When switch law \(\mathrm{{ - }}1 \le x \le 0\), define the second subsystem is \(\begin{array}{l} \frac{{dx}}{{dt}} = \mathrm{{ - }}2x + y \\ \frac{{dy}}{{dt}} = - x \\ \end{array}\), the general solution is

$$\begin{aligned} \left\{ \begin{array}{ll} x(t) = (C1 + C2 \times (t - 1)){e^{ - t}} \\ y(t) = (C1 + C2 \times t){e^{ - t}} \\ \end{array} \right. \end{aligned}$$

(6)

When switch law \(x < - 1\), defining third subsystem is \(\begin{array}{l} \frac{{dx}}{{dt}} = \mathrm{{ - }}x\mathrm{{ - }}3 \\ \frac{{dy}}{{dt}} = - x \\ \end{array}\), the general solution is

$$\begin{aligned} \left\{ \begin{array}{ll} x(t) = \frac{1}{2}C1 \times {e^{ - \frac{1}{2}t}}(\sin (\frac{{\sqrt{3} }}{2}t) - \sqrt{3} \cos (\frac{{\sqrt{3} }}{2}t)) \\ +\,\frac{1}{2}C2 \times {e^{ - \frac{1}{2}t}}(\sqrt{3} \sin (\frac{{\sqrt{3} }}{2}t) + \cos (\frac{{\sqrt{3} }}{2}t)) \\ y(t) = C1 \times {e^{ - \frac{1}{2}t}}\cos (\frac{{\sqrt{3} }}{2}t) + C2 \times {e^{ - \frac{1}{2}t}}\sin (\frac{{\sqrt{3} }}{2}t) + 3 \\ \end{array} \right. \end{aligned}$$

(7)

According to the general solution in Eqs. 5–7, when \(t \rightarrow \infty \), x(t), y(t) are all tended to 0. Therefore, when \(t \rightarrow \infty \), three subsystems of Example 3.1 are all tended to globally exponential stability. Supposed initial value is \(x(0) = \mathrm{{ - }}1,y(0) = 1\) and the value of t is from 0 to 100. Switch law of Example 3.1 is only related to the state of system, and it switches according to switch law in Fig. 5(a). Using MATLAB, we can draw the system state response and phase plane diagram in Figs. 5(b) and (c).
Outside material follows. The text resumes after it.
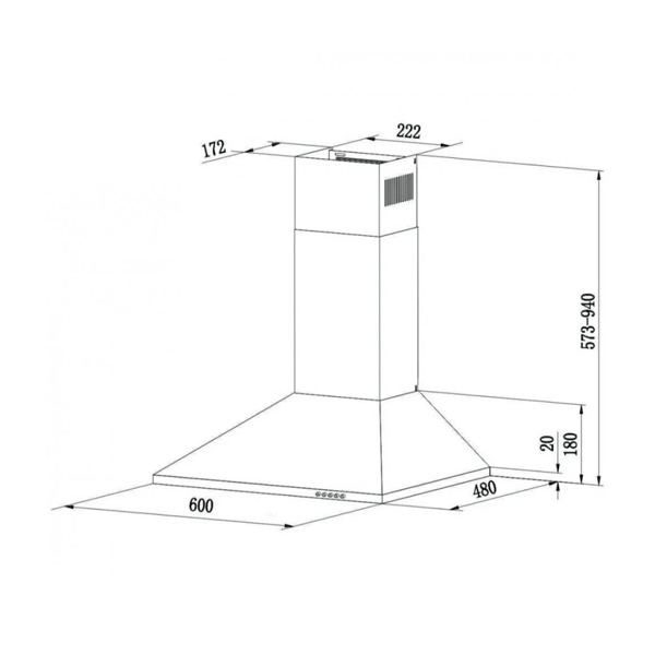 مواصفات شفاط هرمي للمطبخ ماستر جاز 60 سم 3 سرعات ايطالي :
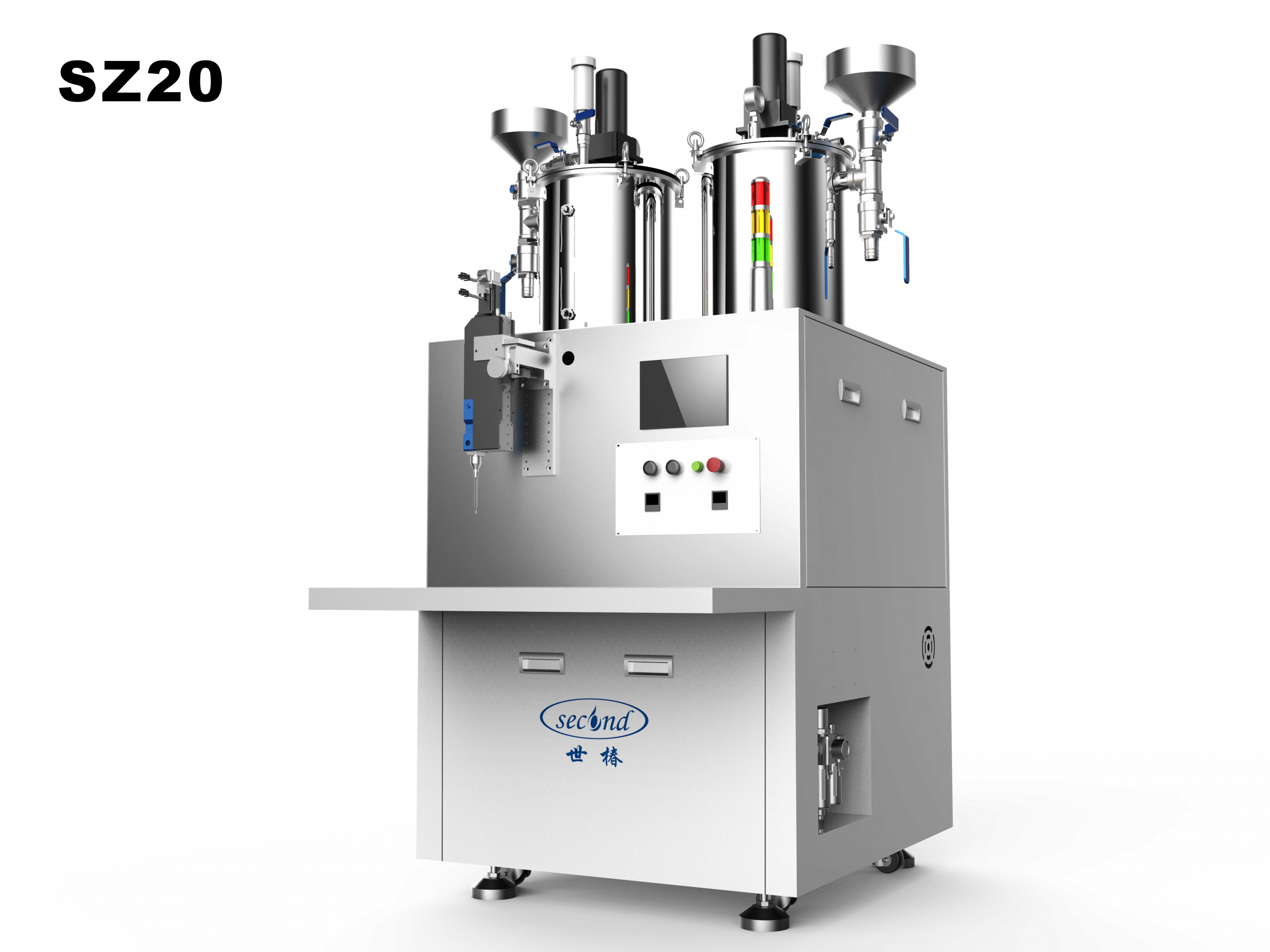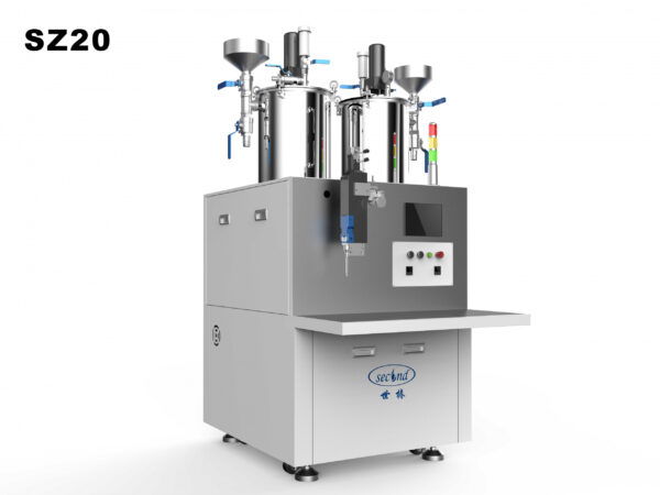 The machine equips with 3 axis robotic system. It is operated by Second originally developed software, windows based. It can not only set trajectories such as set points, lines, circles, and arcs, but also has advanced functions such as three-dimensional potting through program setting. It is automatic metering, mixing, and dosing base on pre-determined ratio. The machine equips with automatic refill, and degassing system. It can also add agitate stirring, tank heating, and automatic valve cleaning. The operation is simple and user friendly, which greatly saves the manual mixing time, improves efficiency, and also save material and labor cost.

According to state response and phase plane curve of subsystems in Fig. 6, we can see that first and second subsystem are all tended to stability in Fig. 6(a) and in Fig. 6(b), third subsystem is unstable in Fig. 6(c), but the whole switched system is tended to globally exponential stability under the switch law in Fig. 5(c).

4 Conclusions

The article mainly expounds several kinds of switched system and their background, meaning and purpose of system simulation, establish mathematical model of each kind of switched system and analyzes stability of periodically switched system, impulsive switched system and designed event driven switched system whose switch strategy is related to the state of subsystem. Simultaneously, using MATLAB simulation software, we simulate and program those switched system and analyzes their stability from the whole switched system and their subsystems to study their relationship.

Stability is the basic condition of running a system, and is a challenging issue in the study of switched system [8]. So if you want to study the evolution process of a system, you must study the stable condition of system running. At present, many problems of switched systems still have miraculous differences and arguments in the academic which include the uncertainty and emergent of hybrid system, and there have no necessary and sufficient conditions to prove the stability of one switched system. So now, switched systems, scientific theories about simulation and method systems need to be further thought and developed in order to better apply to reality and solve more problems in more field of reality.